# Forum > News > OC News >  Five Rules of Respect

## Alkhara Majere

Let us turn over a new leaf. I offer these Five Rules of Respect.

1. A little kindness goes a long way.Always be polite when you post, even if you strongly disagree with something that is said.Answer questions if you can. If it is a common question, direct them to our FAQ. If it is a question best answered on another forum or in an existing thread, refer them there. Otherwise, answer it yourself. No need to be unfriendly.If you feel that you cannot answer kindly, don't reply at all. It is better to say nothing, than to spread ill-will on this forum.2. Respect the intent of the thread.Questions and debates are common here, and those asking the questions are directed here by the larger forum community and the moderators, because they know they will recieve informed, respectful opinions. Feel free to offer your opinion, but do so in a way and tone that reflects well upon the community.3. Be respectful of other people's work.When criticizing other people's work, be constructive.Offer helpful suggestions.Tell them what they have done right, as well as where they need to improve.Be polite about it. There is no need to flame people.4. English is a wondrous language. We encourage you to use it.Make your posts clear and understandable. For longer posts, consider writing it out in MS Word first, and running a spell check.5. Trolls.Trolling and Flaming is not allowed on the site. We ask that all members show respect for each other.If a post blatently breaks the rules simply report it, as opposed to calling the poster a name.Report troll threads using the "R" (Report) button.This method really does work. Be patient.Do not reply with "/reported." Report the thread and move on. Anything else simply encourages the troll.
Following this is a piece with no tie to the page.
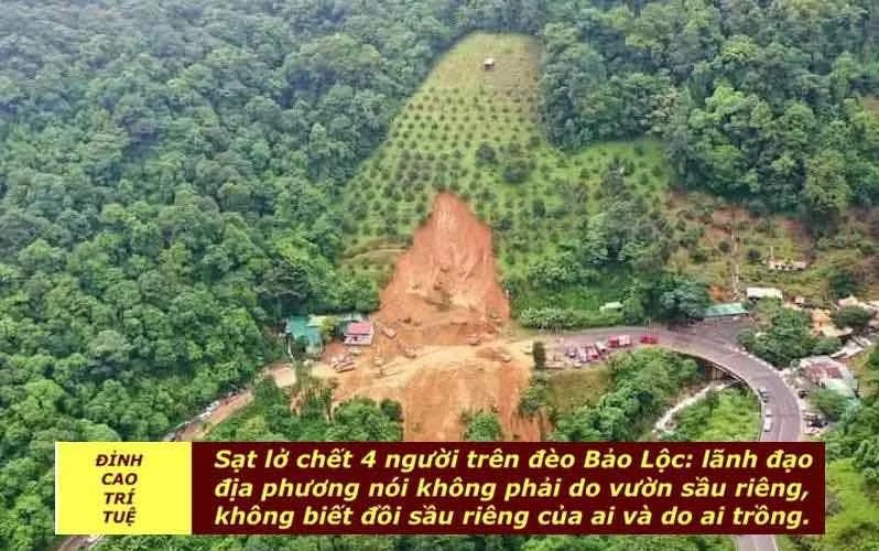 Đèo Bảo Lộc là một đoạn đường cực kỳ nguy hiểm, không chỉ bởi đèo dốc, gấp khúc, mà còn nằm ở khu vực có nguy cơ sạt lở cao do kết cấu đất bazan yếu, tơi xốp và lượng mưa lớn hàng năm. Chính vì vậy rất cần thiết phải bảo tồn rừng phòng hộ hoặc trồng rừng giữ đất, nhất là những mảnh rừng gần đường có lưu lượng giao thông cao. Thế nhưng nhà chức trách lại cho phép phá rừng trồng sầu riêng ngay trên khúc cua nguy hiểm này. Chẳng những vậy mà họ còn dám xây trạm cảnh sát giao thông ngay dưới khoảnh đồi bị phá mà không có tường chắn để bảo vệ công trình được xây bằng tiền thuế của dân. Liệu đây có phải cái gọi la “đỉnh cao trí tuệ” mà đảng ta luôn tự hào?
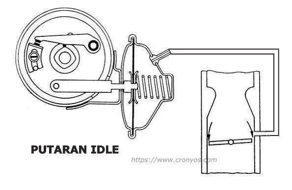 Pada kondisi ini kevakuman intake manifold belum terhubung dengan vakum advancer sehingga vakum advancer tidak bekerja (tidak terjadi pemajuan timing)

*Failure to comply with these rules may result in a warning or a ban from one of the staff members.*

These Five Rules of Respect are designed to make our forum the sort of place we all want it to be. It can be this way. It can a relaxing, fun place to participate, but only if we make it so. It is up to each of us to contribute to that congenial atmosphere. It is up to each of us to take that extra pause, and consider not just what we say, but how we choose to say it. Are we being respectful and polite, even in the face of those who wish to offend and anger us? Are we being examples to others here? Are we being the sort of posters that we would want to interact with? It's up to us... 

-Alkhara Majere
MMOwned Staff

----------


## KuRIoS

on another note, breaking these rules may result in a warning, or a ban, from one of the staff members,

----------


## Flying Piggy

Thank you Majere .

----------


## ryanster

ok thank you i will obay

----------


## Nugma

Pew pew pew pew pew pew. Good stuffs!

----------


## Tenni-T

Great stuff. Beautifull. I already look forward to be hangin around an even more lovely mmowned. Thank you.

----------


## 2dgreengiant

sexual  :Smile:  :Smile:

----------


## Xepher

FAQ ftw, I think everyone should be required to read the faq before comepleting registratoin..

----------


## Nugma

> FAQ ftw, I think everyone should be required to read the faq before comepleting registratoin..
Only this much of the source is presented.